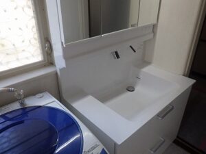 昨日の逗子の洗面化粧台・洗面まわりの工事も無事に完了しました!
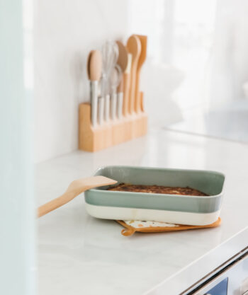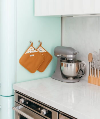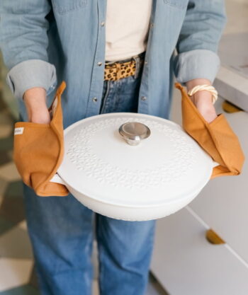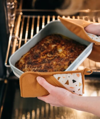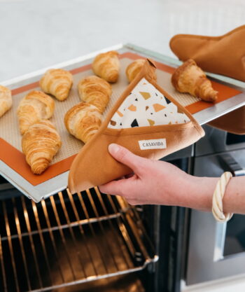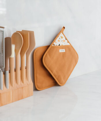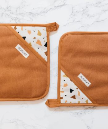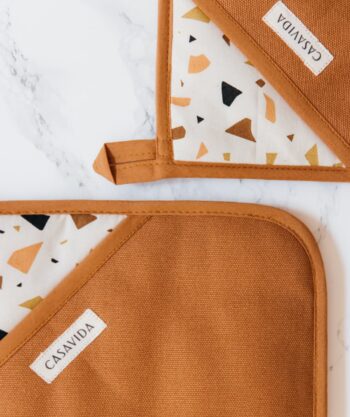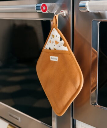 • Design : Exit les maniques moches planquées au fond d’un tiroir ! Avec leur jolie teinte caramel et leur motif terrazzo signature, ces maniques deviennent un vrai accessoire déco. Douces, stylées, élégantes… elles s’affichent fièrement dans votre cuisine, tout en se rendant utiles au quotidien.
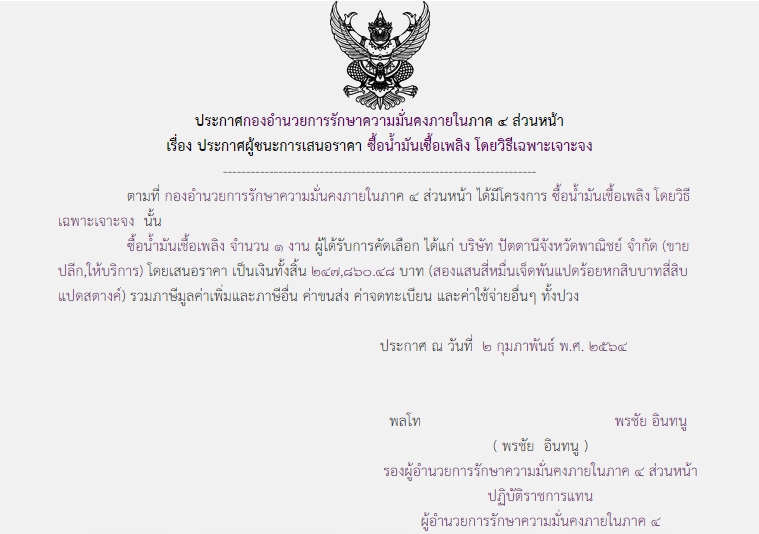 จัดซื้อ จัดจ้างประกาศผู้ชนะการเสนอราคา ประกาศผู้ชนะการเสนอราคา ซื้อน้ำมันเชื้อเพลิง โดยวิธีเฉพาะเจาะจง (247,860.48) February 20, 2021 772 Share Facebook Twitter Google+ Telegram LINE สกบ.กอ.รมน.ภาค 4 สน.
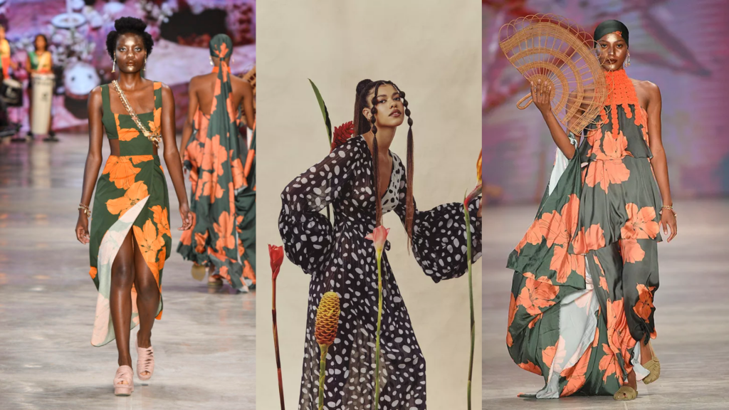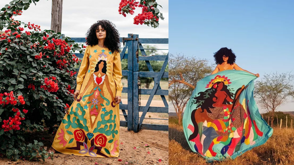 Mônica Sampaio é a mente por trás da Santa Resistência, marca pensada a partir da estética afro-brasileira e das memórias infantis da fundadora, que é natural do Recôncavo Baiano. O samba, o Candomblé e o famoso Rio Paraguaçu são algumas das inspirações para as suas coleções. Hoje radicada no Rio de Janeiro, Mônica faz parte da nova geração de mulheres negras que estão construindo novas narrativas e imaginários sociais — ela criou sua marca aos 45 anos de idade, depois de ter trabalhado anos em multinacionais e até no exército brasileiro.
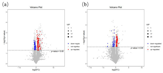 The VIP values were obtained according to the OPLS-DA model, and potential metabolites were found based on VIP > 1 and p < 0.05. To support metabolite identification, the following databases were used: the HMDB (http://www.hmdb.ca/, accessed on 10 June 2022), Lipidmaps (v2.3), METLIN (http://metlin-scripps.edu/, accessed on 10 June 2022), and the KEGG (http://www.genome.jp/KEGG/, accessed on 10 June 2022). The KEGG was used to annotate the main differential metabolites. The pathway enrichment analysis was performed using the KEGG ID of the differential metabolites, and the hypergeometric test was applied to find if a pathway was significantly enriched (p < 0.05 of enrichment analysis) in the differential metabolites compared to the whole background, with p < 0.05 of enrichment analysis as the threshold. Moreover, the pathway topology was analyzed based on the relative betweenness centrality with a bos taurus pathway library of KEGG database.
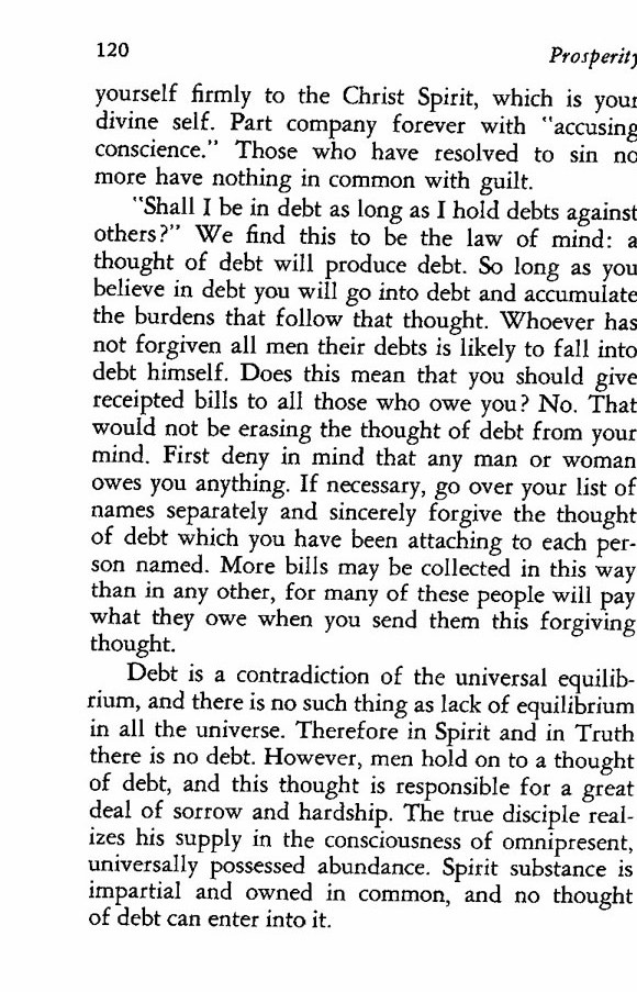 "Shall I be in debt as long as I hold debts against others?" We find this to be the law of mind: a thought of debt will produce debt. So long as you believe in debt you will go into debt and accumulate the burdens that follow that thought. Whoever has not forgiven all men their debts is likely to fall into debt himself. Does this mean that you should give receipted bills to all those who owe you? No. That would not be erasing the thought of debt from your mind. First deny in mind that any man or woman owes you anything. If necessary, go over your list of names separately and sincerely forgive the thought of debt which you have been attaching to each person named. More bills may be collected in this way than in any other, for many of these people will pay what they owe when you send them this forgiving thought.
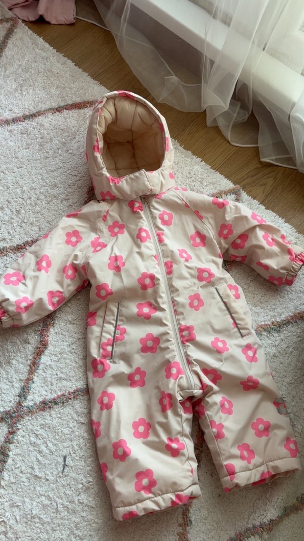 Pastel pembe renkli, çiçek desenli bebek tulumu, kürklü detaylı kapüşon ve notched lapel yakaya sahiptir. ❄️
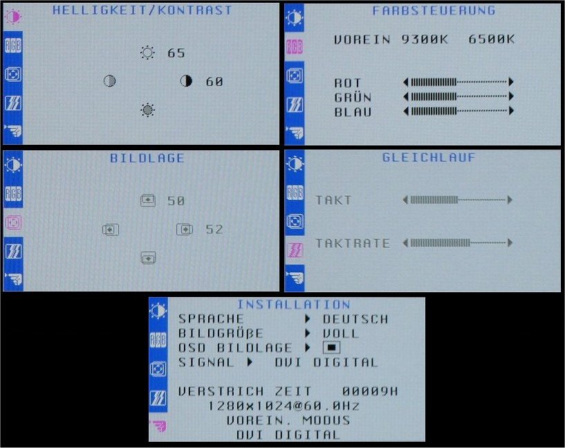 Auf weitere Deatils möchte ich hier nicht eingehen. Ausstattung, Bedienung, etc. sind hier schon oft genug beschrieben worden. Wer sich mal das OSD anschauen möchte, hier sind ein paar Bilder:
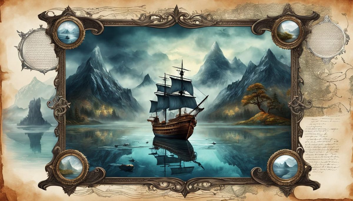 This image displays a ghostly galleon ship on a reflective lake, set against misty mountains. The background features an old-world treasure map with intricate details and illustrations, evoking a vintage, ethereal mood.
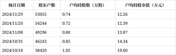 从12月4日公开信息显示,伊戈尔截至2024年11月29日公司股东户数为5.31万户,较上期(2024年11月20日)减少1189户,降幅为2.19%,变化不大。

*REQUIRED ACTION*
The records above should be retyped in full and exactly; omit the pictures.

*RESULT OF THE EXERCISE*
 昨日の逗子の洗面化粧台・洗面まわりの工事も無事に完了しました!
 • Design : Exit les maniques moches planquées au fond d’un tiroir ! Avec leur jolie teinte caramel et leur motif terrazzo signature, ces maniques deviennent un vrai accessoire déco. Douces, stylées, élégantes… elles s’affichent fièrement dans votre cuisine, tout en se rendant utiles au quotidien.
 จัดซื้อ จัดจ้างประกาศผู้ชนะการเสนอราคา ประกาศผู้ชนะการเสนอราคา ซื้อน้ำมันเชื้อเพลิง โดยวิธีเฉพาะเจาะจง (247,860.48) February 20, 2021 772 Share Facebook Twitter Google+ Telegram LINE สกบ.กอ.รมน.ภาค 4 สน.
 Mônica Sampaio é a mente por trás da Santa Resistência, marca pensada a partir da estética afro-brasileira e das memórias infantis da fundadora, que é natural do Recôncavo Baiano. O samba, o Candomblé e o famoso Rio Paraguaçu são algumas das inspirações para as suas coleções. Hoje radicada no Rio de Janeiro, Mônica faz parte da nova geração de mulheres negras que estão construindo novas narrativas e imaginários sociais — ela criou sua marca aos 45 anos de idade, depois de ter trabalhado anos em multinacionais e até no exército brasileiro.
 The VIP values were obtained according to the OPLS-DA model, and potential metabolites were found based on VIP > 1 and p < 0.05. To support metabolite identification, the following databases were used: the HMDB (http://www.hmdb.ca/, accessed on 10 June 2022), Lipidmaps (v2.3), METLIN (http://metlin-scripps.edu/, accessed on 10 June 2022), and the KEGG (http://www.genome.jp/KEGG/, accessed on 10 June 2022). The KEGG was used to annotate the main differential metabolites. The pathway enrichment analysis was performed using the KEGG ID of the differential metabolites, and the hypergeometric test was applied to find if a pathway was significantly enriched (p < 0.05 of enrichment analysis) in the differential metabolites compared to the whole background, with p < 0.05 of enrichment analysis as the threshold. Moreover, the pathway topology was analyzed based on the relative betweenness centrality with a bos taurus pathway library of KEGG database.
 "Shall I be in debt as long as I hold debts against others?" We find this to be the law of mind: a thought of debt will produce debt. So long as you believe in debt you will go into debt and accumulate the burdens that follow that thought. Whoever has not forgiven all men their debts is likely to fall into debt himself. Does this mean that you should give receipted bills to all those who owe you? No. That would not be erasing the thought of debt from your mind. First deny in mind that any man or woman owes you anything. If necessary, go over your list of names separately and sincerely forgive the thought of debt which you have been attaching to each person named. More bills may be collected in this way than in any other, for many of these people will pay what they owe when you send them this forgiving thought.
 Pastel pembe renkli, çiçek desenli bebek tulumu, kürklü detaylı kapüşon ve notched lapel yakaya sahiptir. ❄️
 Auf weitere Deatils möchte ich hier nicht eingehen. Ausstattung, Bedienung, etc. sind hier schon oft genug beschrieben worden. Wer sich mal das OSD anschauen möchte, hier sind ein paar Bilder:
 This image displays a ghostly galleon ship on a reflective lake, set against misty mountains. The background features an old-world treasure map with intricate details and illustrations, evoking a vintage, ethereal mood.
 从12月4日公开信息显示,伊戈尔截至2024年11月29日公司股东户数为5.31万户,较上期(2024年11月20日)减少1189户,降幅为2.19%,变化不大。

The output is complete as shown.